Task prompt -
All the data below goes into the copy word for word, but the pictures don't.

Raw data -
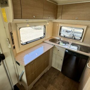Auton takaoasasta löytyy runsaasti laskutilaa tarjoava keittiö ja tilava pesuhuone/ WC.
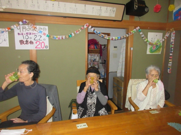 しっかり体操した後は、冷たい梅ジュースで「ほっ」と一息
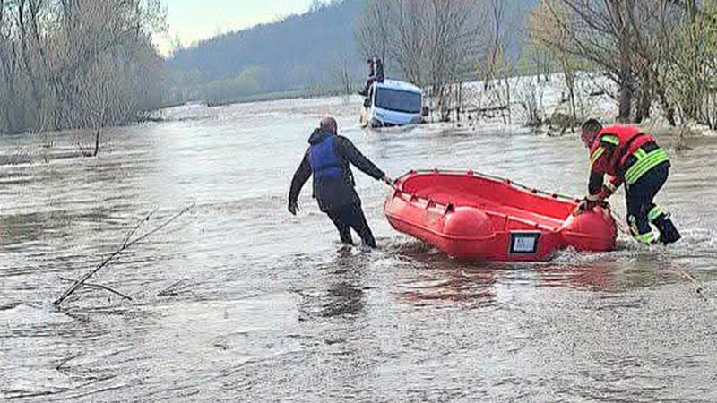 “Kombi je ubrzo zahvatila i povukla bujica”, izjavio je Petković i dodao da su lica evakuisana sa krova vozila.

Task response -
Auton takaoasasta löytyy runsaasti laskutilaa tarjoava keittiö ja tilava pesuhuone/ WC.
 しっかり体操した後は、冷たい梅ジュースで「ほっ」と一息
 “Kombi je ubrzo zahvatila i povukla bujica”, izjavio je Petković i dodao da su lica evakuisana sa krova vozila.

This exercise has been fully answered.